Could that be mitigated? At least in part, first by a state Legislature with the guts to change the tax structure making those who benefit the most pay more for the privilege. Allowing local governments to charge real impact fees would help. And the Board of Supervisors is overdue in rescinding the phony "non-interference" ordinance they passed a few years ago to dodge the responsibility of actually supervising county government, something they are constitutionally charged with doing. It's past time for real budget hearings that are more than just a few days of superficial oversight by those we elect to represent us.
And we could also use a higher class of tax protester. The Pima Association of Taxpayers often presents an intelligent viewpoint and their material is usually accurate. Their leadership performs a valuable function in the debate over the size and type of government we should have. Unfortunately, that's not true of another group with a much larger budget this year, the Pima Property Rights Association. This bunch claims to have spent $25,000 trying to turn out a big crowd for the budget hearings with mailers and television spots. Considering the actual results for this much money -- a couple of hundred folks who wouldn't have been there otherwise, many of them almost incoherent -- they would appear to be at least as inept as the government they whine about.
These same clowns aimed their entire effort at District 3 Supervisor Sharon Bronson and then mistakenly identified her district as "13" on the cover of their mailer. Their argument went downhill from there. They criticized the paving of alleys in South Tucson as wasteful, but that project is part of the 1997 county road bond proposal which Bronson opposed and many of their own cementhead members supported! Their leader and spokesman, Barney Brenner, has a barely rudimentary knowledge of local government. Unlike members of the Pima Association of Taxpayers like Mary Schuh and Ken Marcus, Brenner doesn't seem to have a clue about what he'd cut to prevent the tax increases, saying he wants to keep funding social programs and Kino Hospital. This gang is just another Growth Lobby front group who could really give a rat's ass about taxes and just want to replace Bronson with somebody more friendly to their rezoning requests.
The entire process once more points out the brilliance of John C. Calhoun's division of the population into two basic classes: tax consumers and tax producers. His original example were tariffs that aided the industrial North at the expense of the agricultural South. We have a similar problem today.

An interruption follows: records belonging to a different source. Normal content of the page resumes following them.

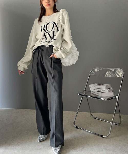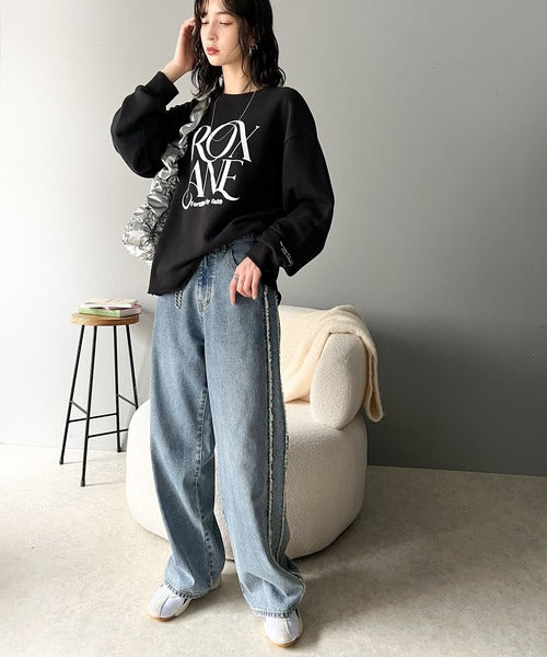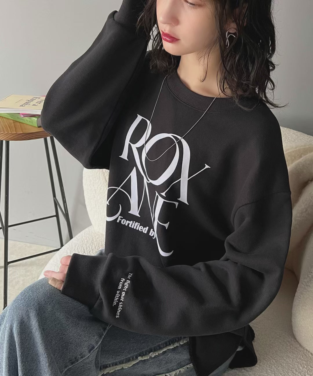 カジュアルスタイルに洗練さを加える袖刺繍&フロッキープリントのロゴスウェットは、快適さとおしゃれを両立させたアイテム。
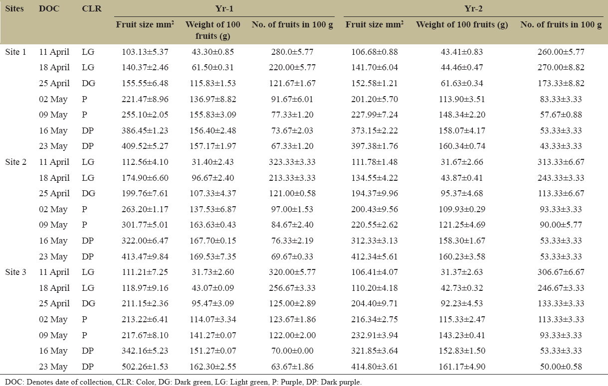 In both the years, the fruit size between initial to the final collection was 103.13 ± 5.37 and 409.52 ± 5.27mm2 throughout collection change in fruit size was 306.39 mm2, and the seed size between initial to the final collection was 0.81 ± 0.04 and 3.00 ± 0.04 throughout collection change in seed size was 2.19 mm2 at (S1). The fruit size between initial to the final collection was 111.78 ± 1.48 and 413.47 ± 9.84 mm2 over the period of collection change in fruit size was 301.69 mm2, and seed size between initial to the final collection was 0.60 ± 0.03 and 2.79 ± 0.12 over the period of collection change in seed size was 2.19 mm2 at (S2). The fruit size between initial to final collection was 106.41 ± 4.07 and 502.26 ± 1.53 mm2 over the period of collection change in fruit size was 395.85 mm2 and seed size between initial to final collection was 1.00 ± 0.05 and 2.44 ± 0.04 over the period of collection change in seed size was 1.44 mm2 at (S3).
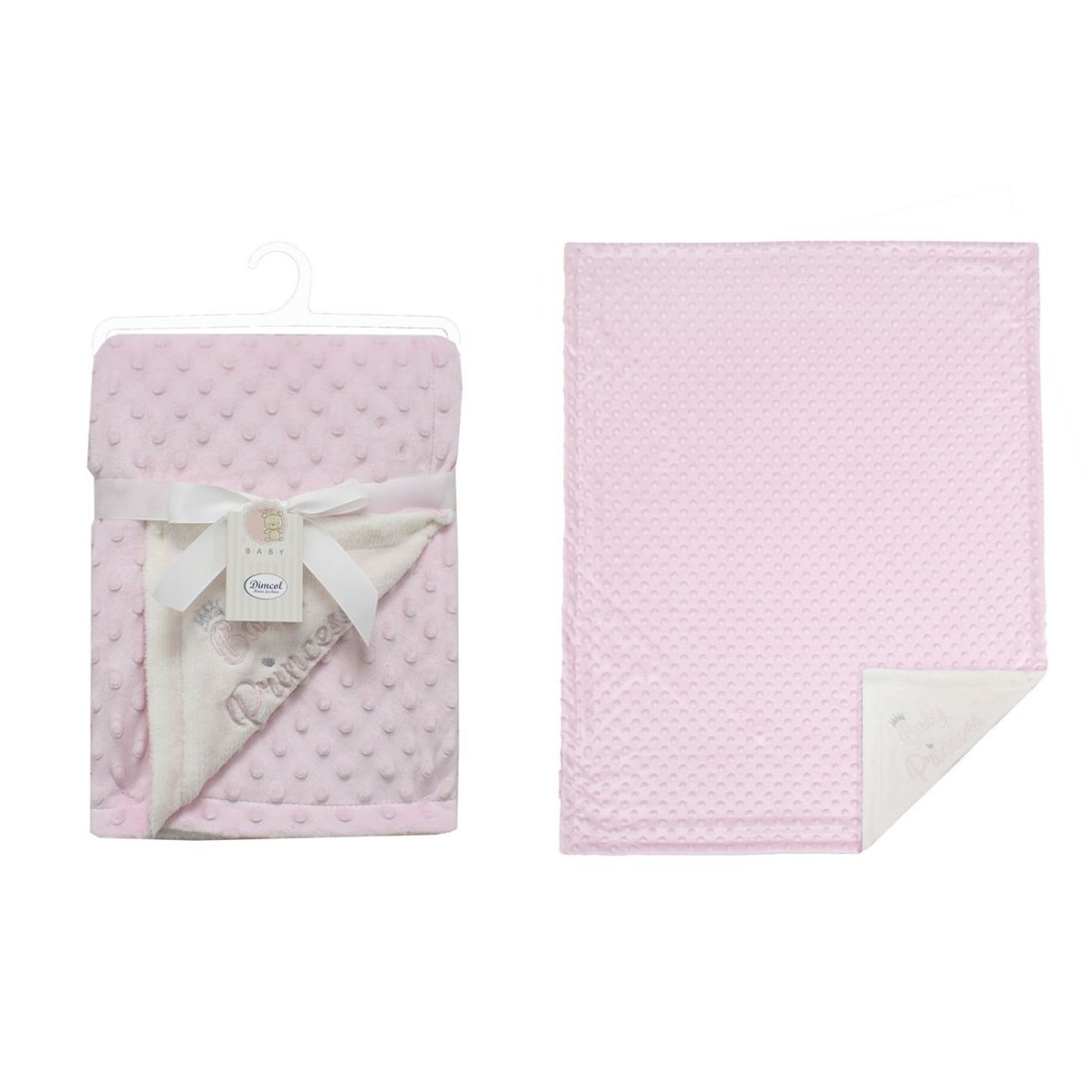 Κουβερτούλα διπλής όψεως με ανάγλυφο Bubble μοτίβο στην πάνω πλευρά και κέντημα &quotBaby Princess&quot στην κάτω. βάρους 420 gr/m² και διαστάσεων 75X100 cm. Είναι κατασκευασμένη από 100% Polyester Minky ύφασμα βάρους 220 gr/m² στην πάνω πλευρά και μονόχρωμo Flannel 200 gr/m² της ίδιας σύνθεσης στην κάτω. Η στρώση από Minky ύφασμα καθιστά την κουβερτούλα εξαιρετικά απαλή και ανθεκτική και σε συνδυασμό με την στρώση από flannel δημιουργείται μία κουβέρτα που προσφέρει βελούδινη υφή και ζεστασιά. ιδανική για την αγκαλιά. την κούνια και την βόλτα του μωρού σας. ακόμα και τους πιο κρύους μήνες του χειμώνα. Συσκευασία κορδελίτσα με καρτελάκι και κρεμάστρα. Η κουβέρτα είναι ελεγμένη για επιβλαβείς ουσίες με το παγκοσμίως αναγνωρισμένο πιστοποιητικό OEKO-TEX® Standard 100.
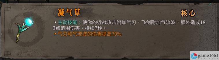 《暖雪》中的聖物凝氣草是游戲里非常有用的聖物,一共有四種,比較獨特的就是核心凝氣草,效果是多了個主動技能,可以使你的近戰攻擊附加氣刃,飛劍附加氣流波,額外造成183點范圍傷害,持續7秒。
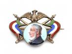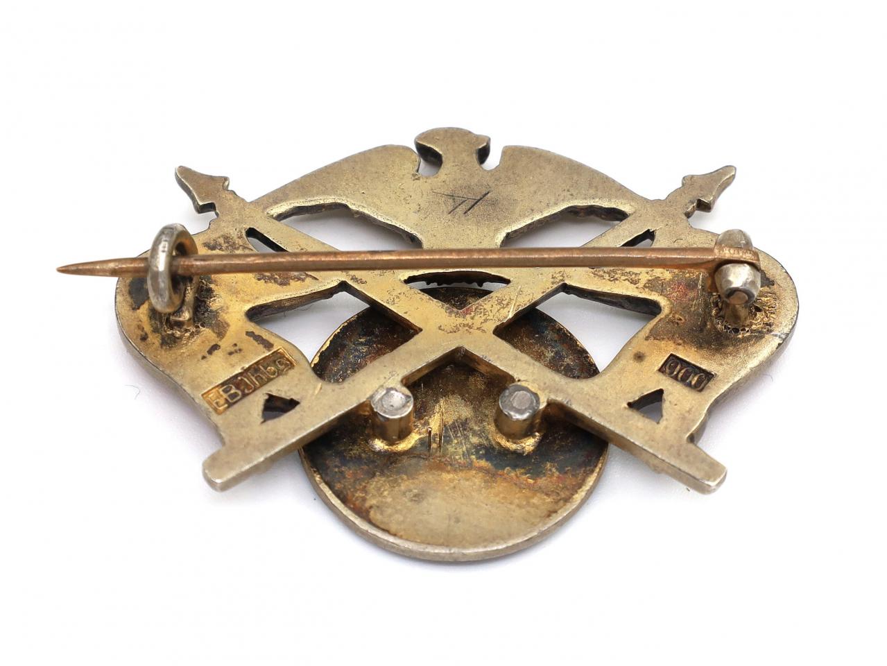 Commemorative South African brooch with medallion of President Kruger in silver with flags of Transvaal. Hallmarked JNBG, 900, EB.
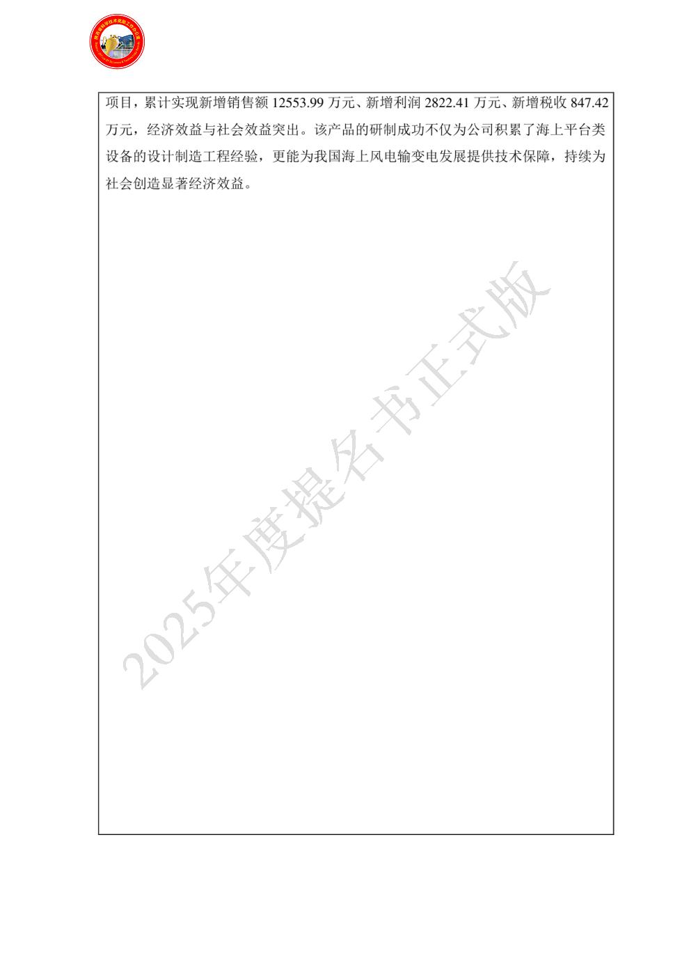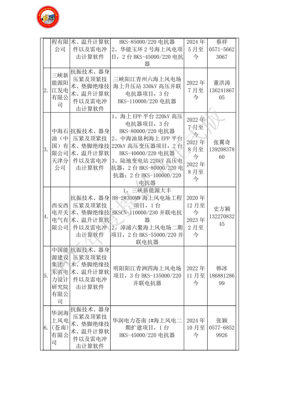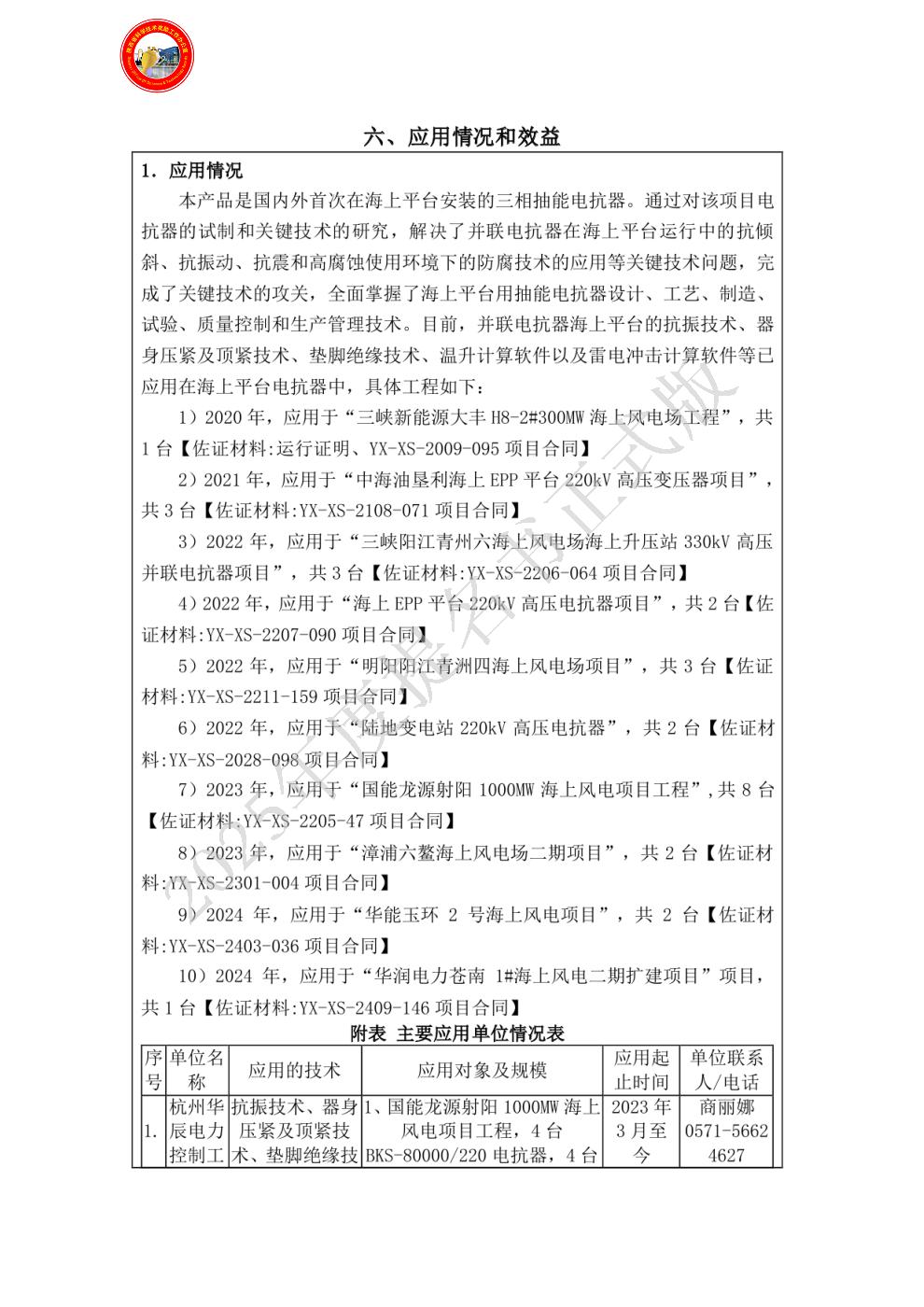 单位贡献:本产品根据“三峡新能源江苏大丰H8-2#海上风电项目”的要求进行设计、制造、生产、试验,其性能参数完全满足技术协议的规定。
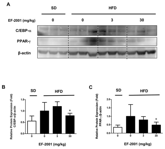 Effects of EF-2001 on immunoblot for the protein level of C/EBP-α and PPAR-γ in HFD-induced adipose tissues. Male rats were divided into SD or HFD, and rats were orally administered with refined water, 3 mg/kg, or 30 mg/kg EF-2001 for 6 weeks (n = 6 rats/group). White adipose tissues containing epididymal fat were collected and separated into lipid and protein. C/EBP-α and PPAR-γ were detected by immunoblotting. (A) The protein levels of C/EBP-α and PPAR-γ were standardized depending on the amount of β-actin. The relative protein expression levels of C/EBP-α (B) and PPAR-γ (C) are shown in the graphs. Data are represented as the mean ± SEM. (n = 6); * p < 0.05 vs. control (without EF-2001 in HFD-induced obese rats).
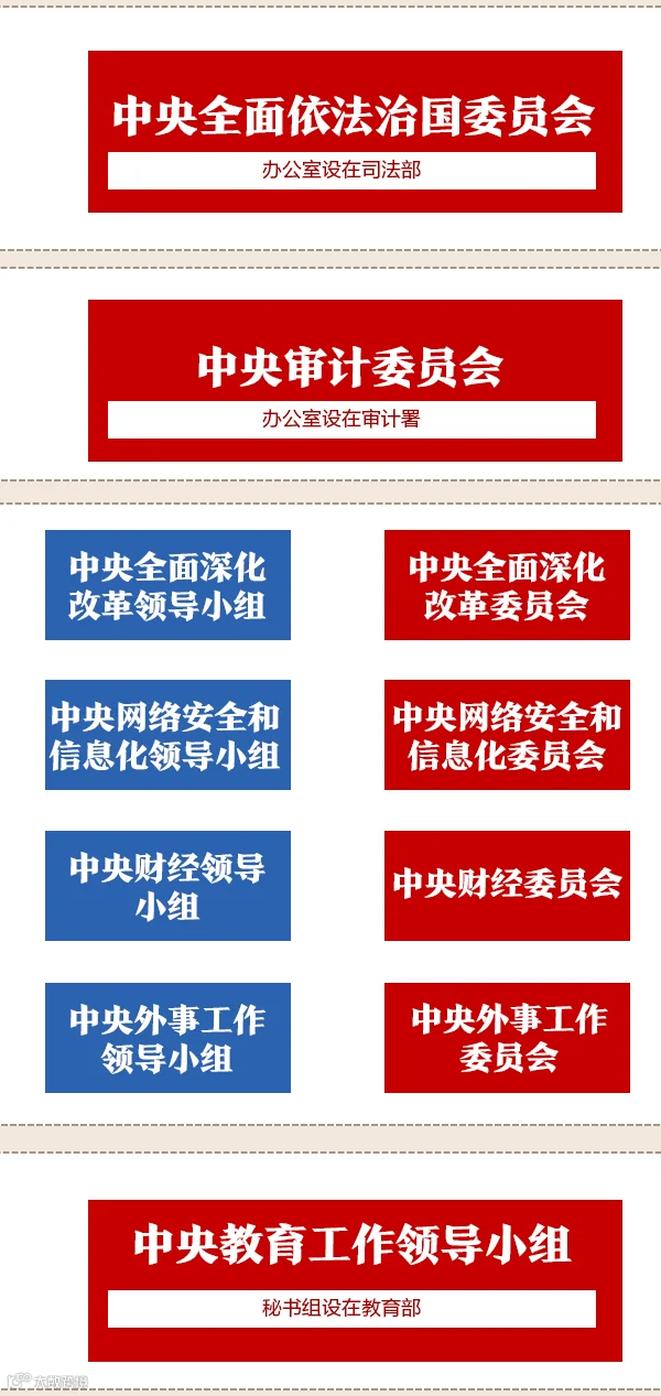 (二)组建中央全面依法治国委员会。全面依法治国是中国特色社会主义的本质要求和重要保障。为加强党中央对法治中国建设的集中统一领导,健全党领导全面依法治国的制度和工作机制,更好落实全面依法治国基本方略,组建中央全面依法治国委员会,负责全面依法治国的顶层设计、总体布局、统筹协调、整体推进、督促落实,作为党中央决策议事协调机构。

Those who make up the Growth Lobby and their allies cause the rest of us to pay more and more as we subsidize their role as tax consumers.
Think about that when you're writing that check for your local property tax, and if you believe that you profit from the overall effects of growth, congratulations. You're a tax consumer.
If not -- like most folks -- you're a tax producer, and it's time you took a good look at the politicians who are either cowed by or part of the Growth Lobby. Throw the bums out, particularly at the state level.
Until that happens, plan on paying an ever-higher growth bill.